With pictures excluded, copy word for word the lines in the data below from the line containing "This is an original" through the line containing "We computed 115,056".

- Given data -
---------------
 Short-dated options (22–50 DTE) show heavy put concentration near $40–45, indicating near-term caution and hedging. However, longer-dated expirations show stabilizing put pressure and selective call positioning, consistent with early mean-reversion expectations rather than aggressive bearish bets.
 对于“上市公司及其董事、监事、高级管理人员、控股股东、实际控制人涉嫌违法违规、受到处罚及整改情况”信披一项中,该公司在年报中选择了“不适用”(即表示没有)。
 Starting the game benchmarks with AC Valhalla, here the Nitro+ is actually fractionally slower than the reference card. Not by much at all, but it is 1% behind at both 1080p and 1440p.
---------------
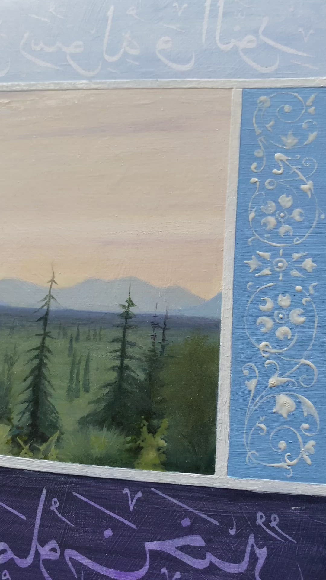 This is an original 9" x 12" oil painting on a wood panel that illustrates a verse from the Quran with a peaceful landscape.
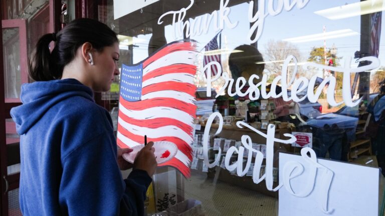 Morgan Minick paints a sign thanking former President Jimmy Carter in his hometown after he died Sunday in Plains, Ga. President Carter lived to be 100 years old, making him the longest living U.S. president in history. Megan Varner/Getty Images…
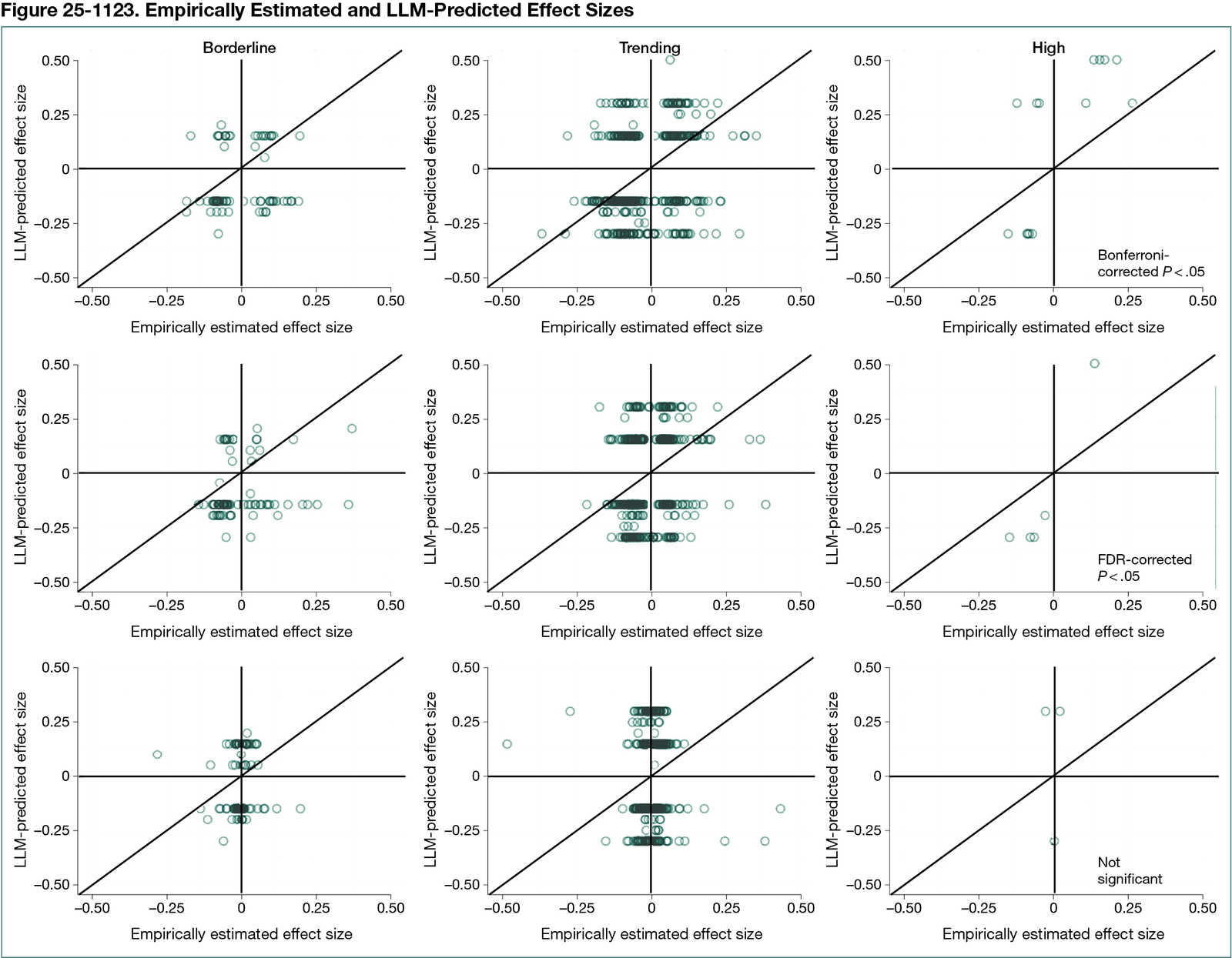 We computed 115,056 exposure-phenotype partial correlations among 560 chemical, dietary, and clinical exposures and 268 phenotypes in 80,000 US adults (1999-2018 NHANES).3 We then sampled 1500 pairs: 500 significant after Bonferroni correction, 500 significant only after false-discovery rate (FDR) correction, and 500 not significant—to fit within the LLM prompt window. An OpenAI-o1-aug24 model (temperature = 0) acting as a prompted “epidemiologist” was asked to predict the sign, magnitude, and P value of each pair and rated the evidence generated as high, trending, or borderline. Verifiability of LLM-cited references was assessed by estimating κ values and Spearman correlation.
---------------
- Expected answer -
 This is an original 9" x 12" oil painting on a wood panel that illustrates a verse from the Quran with a peaceful landscape.
 Morgan Minick paints a sign thanking former President Jimmy Carter in his hometown after he died Sunday in Plains, Ga. President Carter lived to be 100 years old, making him the longest living U.S. president in history. Megan Varner/Getty Images…
 We computed 115,056 exposure-phenotype partial correlations among 560 chemical, dietary, and clinical exposures and 268 phenotypes in 80,000 US adults (1999-2018 NHANES).3 We then sampled 1500 pairs: 500 significant after Bonferroni correction, 500 significant only after false-discovery rate (FDR) correction, and 500 not significant—to fit within the LLM prompt window. An OpenAI-o1-aug24 model (temperature = 0) acting as a prompted “epidemiologist” was asked to predict the sign, magnitude, and P value of each pair and rated the evidence generated as high, trending, or borderline. Verifiability of LLM-cited references was assessed by estimating κ values and Spearman correlation.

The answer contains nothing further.